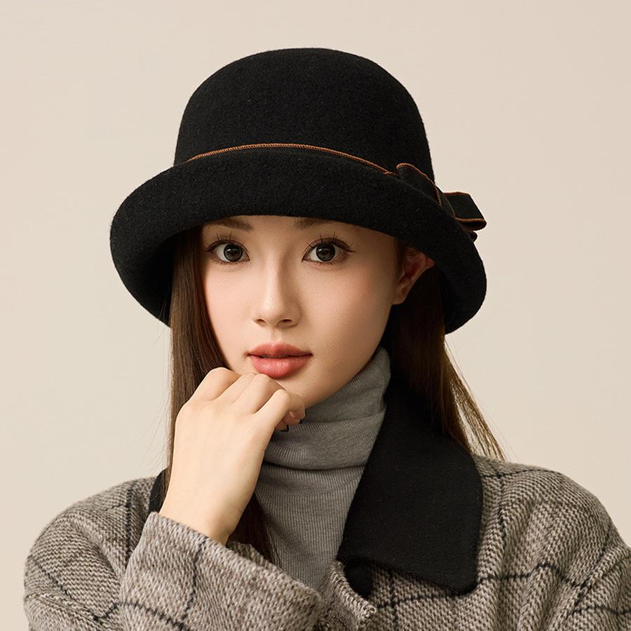 Осенне-зимняя шерстяная шляпа-рыбак с поясом, женская шерстяная шляпа-тазик чёрный
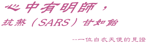 疫情爆发初期,眼见同事们一个一个因感染SARS而倒下,我的心中非常的难过。在成为白衣天使的二十年来,自己从没有想到这份工作会面对死亡的威胁,我唯一能做的只有尽力去照顾他们、安抚他们的心灵,并希望他们可以早日康复。当疫情最严峻时,所有的医护人员都根据抽签的次序,随时准备到“SARS”病房去工作,以接替那些在“战场”上已经倒下或战斗到精疲力尽的同事。尽管“抗煞”激烈,但我的心中却没有丝毫惧怕,我知道在师父的爱力保护下,一定会安然无恙。我真的很感恩上帝赐给我这份“白衣天使”的工作,让我可以亲身服务众生,在他们最需要别人关怀、照顾的时候,藉着我的工作去传送“祂”对人类的慈悲与爱。
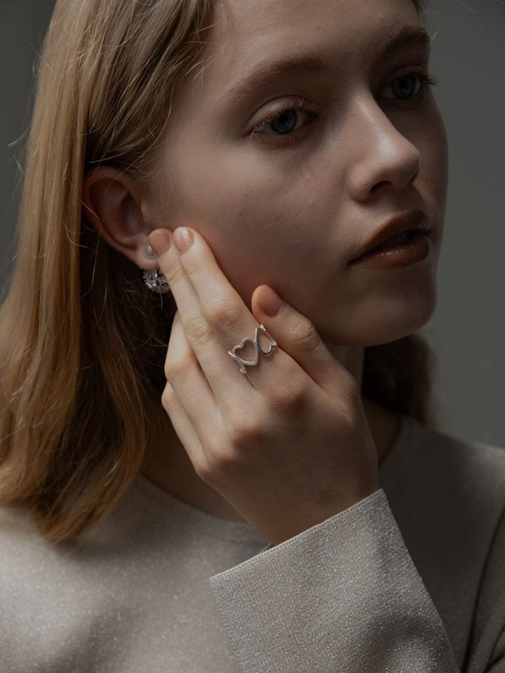 silver925を使用しスイートな中にクールな印象もあるハートリングにしあげました。
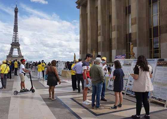 六月二十八日,巴黎法轮功学员又来到了巴黎著名的人权广场,向民众展示法轮功的美好,同时也揭露发生在中国大陆对法轮功及其修炼者的残酷迫害与镇压的恶行。
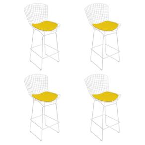 AS IMAGENS SÃO MERAMENTE ILUSTRATIVAS E PODEM SOFRER VARIAÇÕES DE COR E PEQUENOS DETALHES DE ACORDO COM O SEU MONITOR, ILUMINAÇÃO DO AMBIENTE E ATÉ MESMO A SUA PERCEPÇÃO VISUAL.Kit 4 Banquetas Bistrà Bertoia Branca D80 com Assento Amarelo
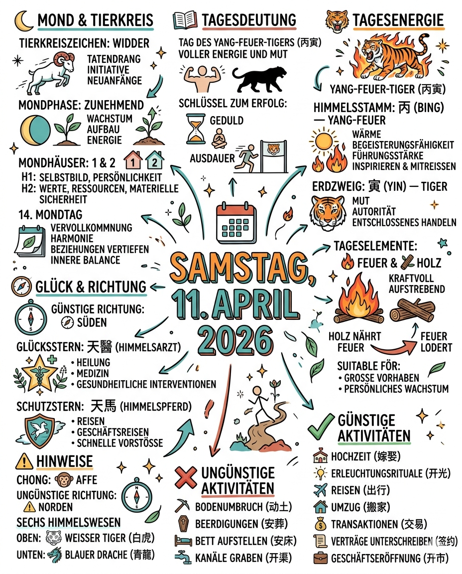 Der Tag des Yang-Feuer-Tigers (丙寅) ist ein Tag voller Energie und Mut. Wie die Sonne am Himmel, die alles erhellt, so wirkt die Yang-Feuer-Energie auf die Welt — inspirierend, wärmend und belebend. Die Kombination aus der strahlenden Sonne und dem mutigen Tiger macht diesen Tag besonders geeignet für Hochzeiten, Erleuchtungsrituale, Reisen, Geschäftseröffnungen und mutige Vorhaben.
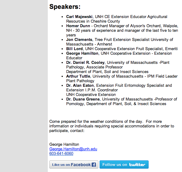 21-May, 2014 (Wednesday) Fruit Twilight Meeting at Alyson's Orchard, 57 Alyson's Lane, Walpole, NH (www.alysonsorchard.com). 5:00 to 8:00 PM. In cooperation with U. of New Hampshire Extension. 2 pesticide credits will be offered. Refreshments/snack will be served. Contact: George Hamilton, 603-641-6060. Also see below for further details.
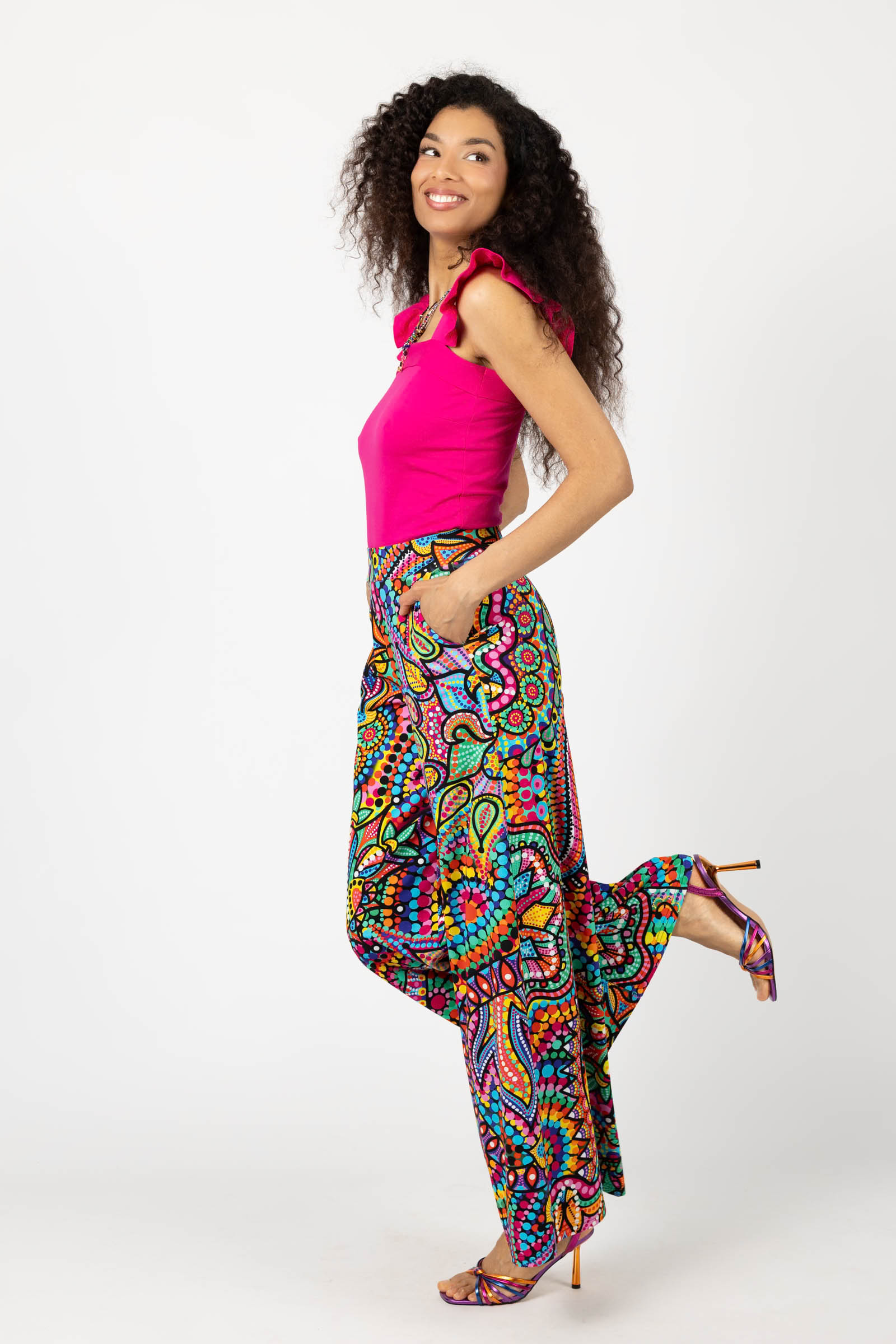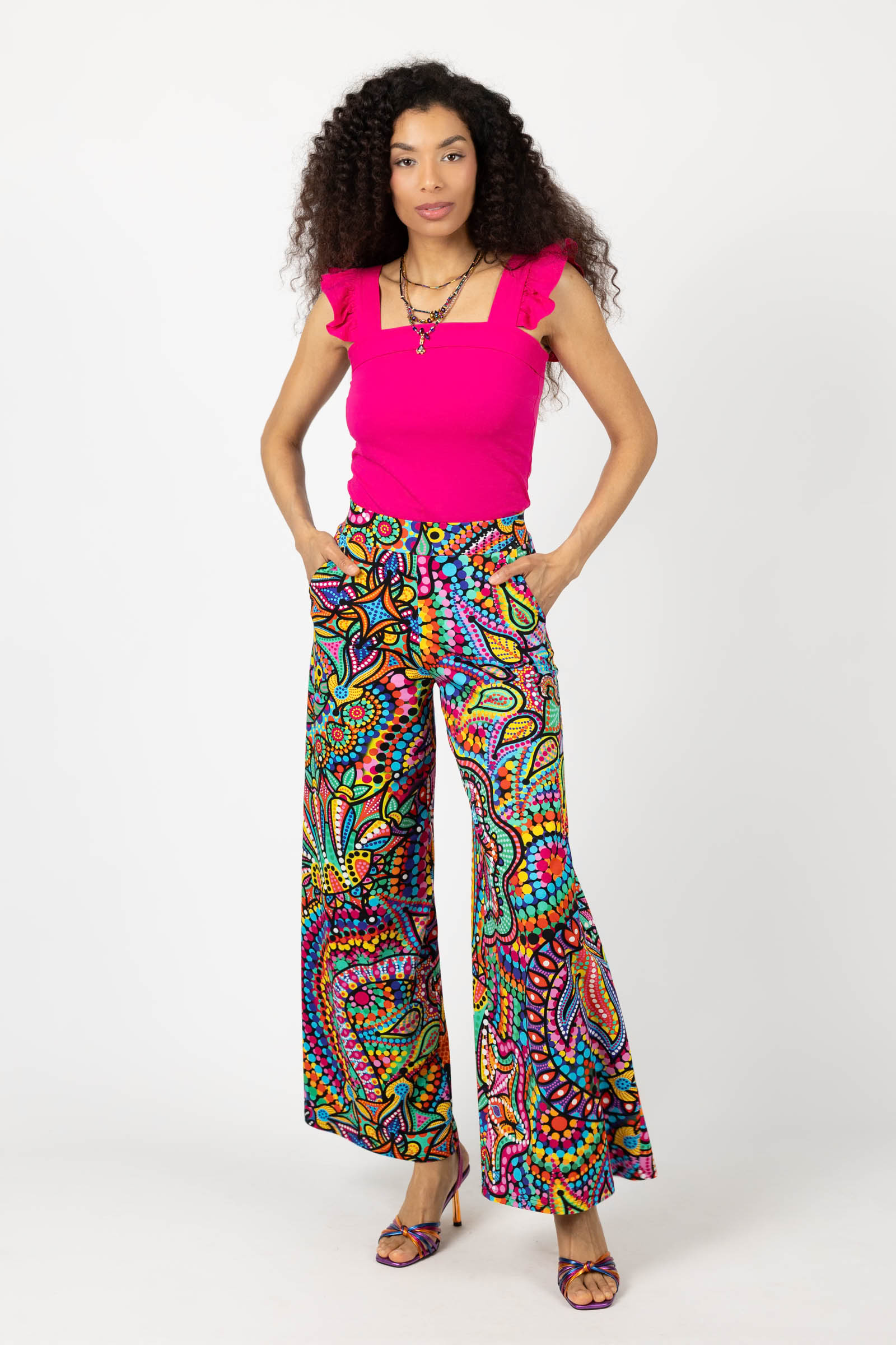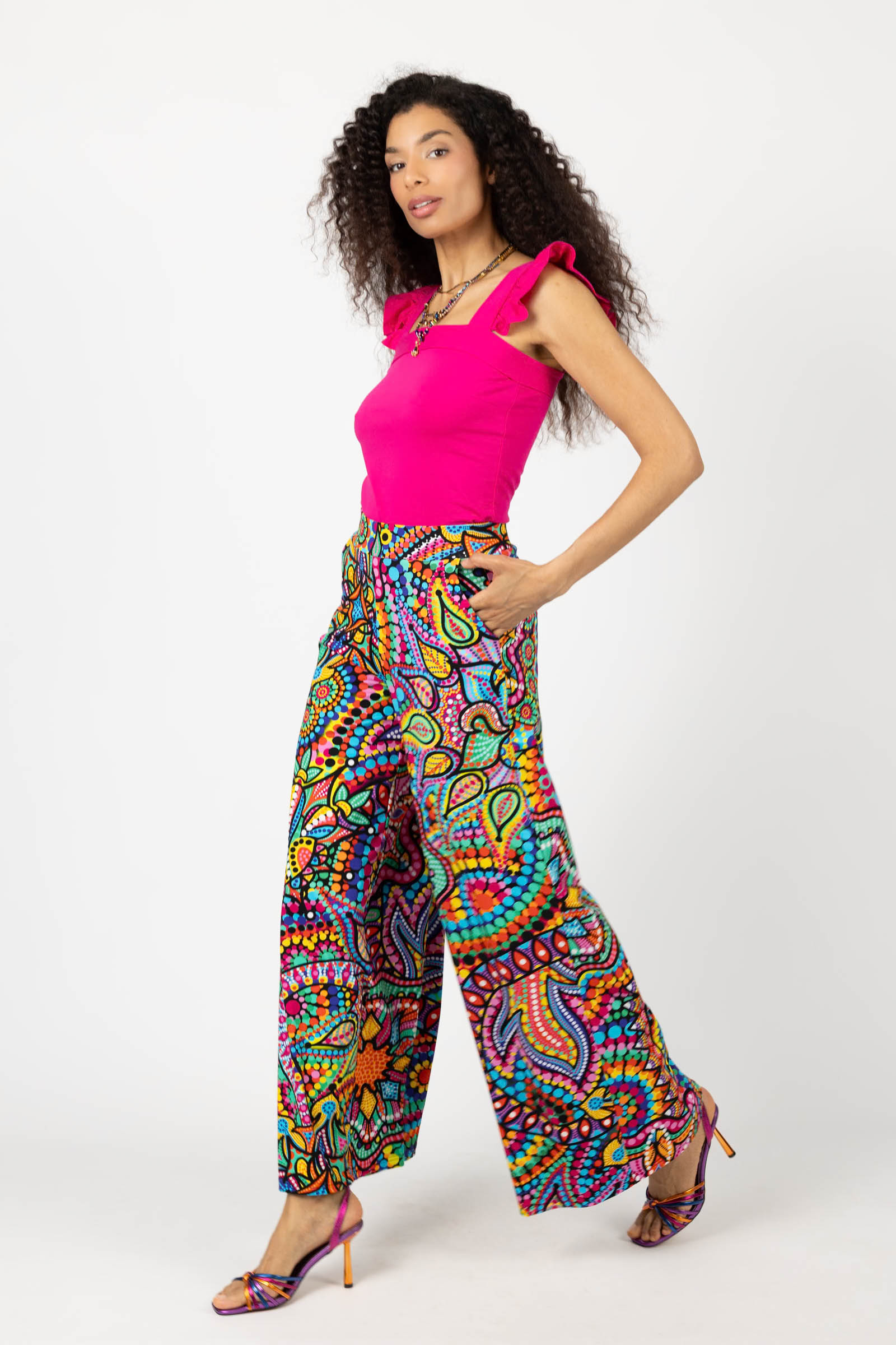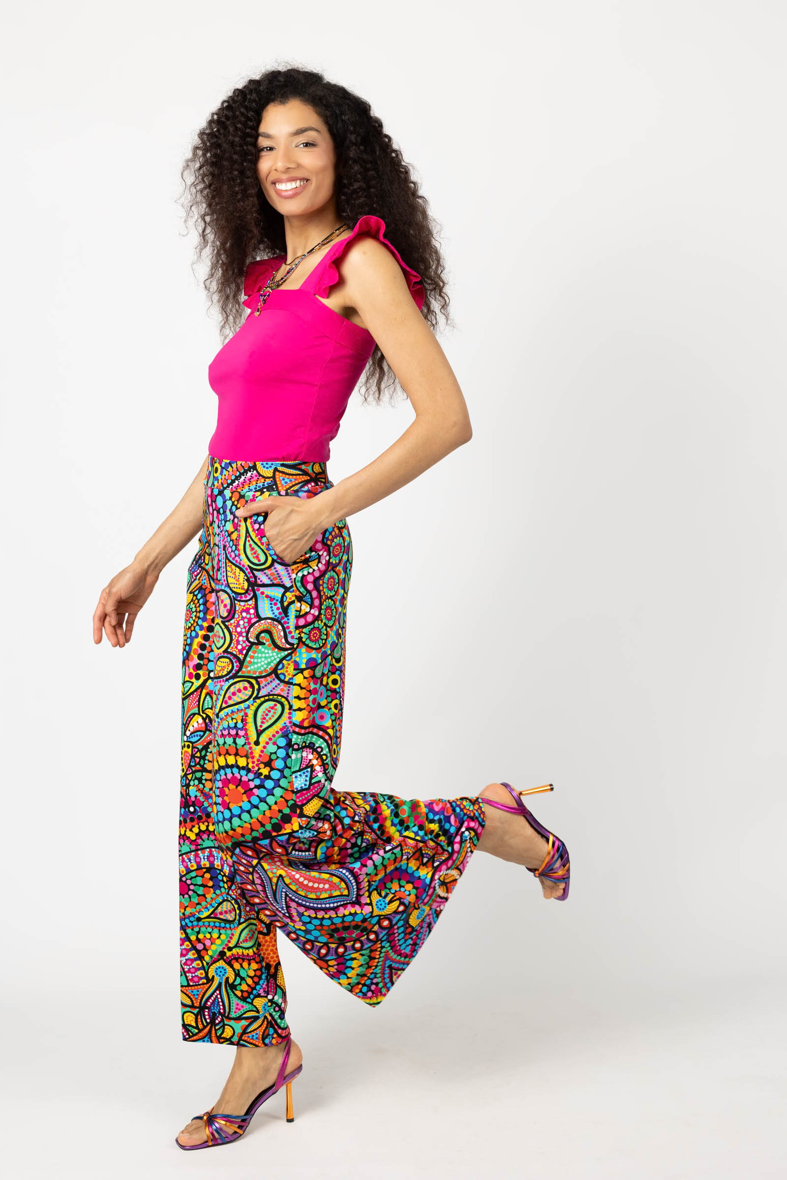Top różowy na szerokie ramiączka z falbankami "BASIC"

**PROBLEM REQUIREMENTS**
Word for word, set down the lines from the line with "六月二十八日,巴黎法轮功学员" through the last line of the entries, and nothing else; the pictures stay out.

**THE COMPLETED TASK**
 六月二十八日,巴黎法轮功学员又来到了巴黎著名的人权广场,向民众展示法轮功的美好,同时也揭露发生在中国大陆对法轮功及其修炼者的残酷迫害与镇压的恶行。
 AS IMAGENS SÃO MERAMENTE ILUSTRATIVAS E PODEM SOFRER VARIAÇÕES DE COR E PEQUENOS DETALHES DE ACORDO COM O SEU MONITOR, ILUMINAÇÃO DO AMBIENTE E ATÉ MESMO A SUA PERCEPÇÃO VISUAL.Kit 4 Banquetas Bistrà Bertoia Branca D80 com Assento Amarelo
 Der Tag des Yang-Feuer-Tigers (丙寅) ist ein Tag voller Energie und Mut. Wie die Sonne am Himmel, die alles erhellt, so wirkt die Yang-Feuer-Energie auf die Welt — inspirierend, wärmend und belebend. Die Kombination aus der strahlenden Sonne und dem mutigen Tiger macht diesen Tag besonders geeignet für Hochzeiten, Erleuchtungsrituale, Reisen, Geschäftseröffnungen und mutige Vorhaben.
 21-May, 2014 (Wednesday) Fruit Twilight Meeting at Alyson's Orchard, 57 Alyson's Lane, Walpole, NH (www.alysonsorchard.com). 5:00 to 8:00 PM. In cooperation with U. of New Hampshire Extension. 2 pesticide credits will be offered. Refreshments/snack will be served. Contact: George Hamilton, 603-641-6060. Also see below for further details.
Top różowy na szerokie ramiączka z falbankami "BASIC"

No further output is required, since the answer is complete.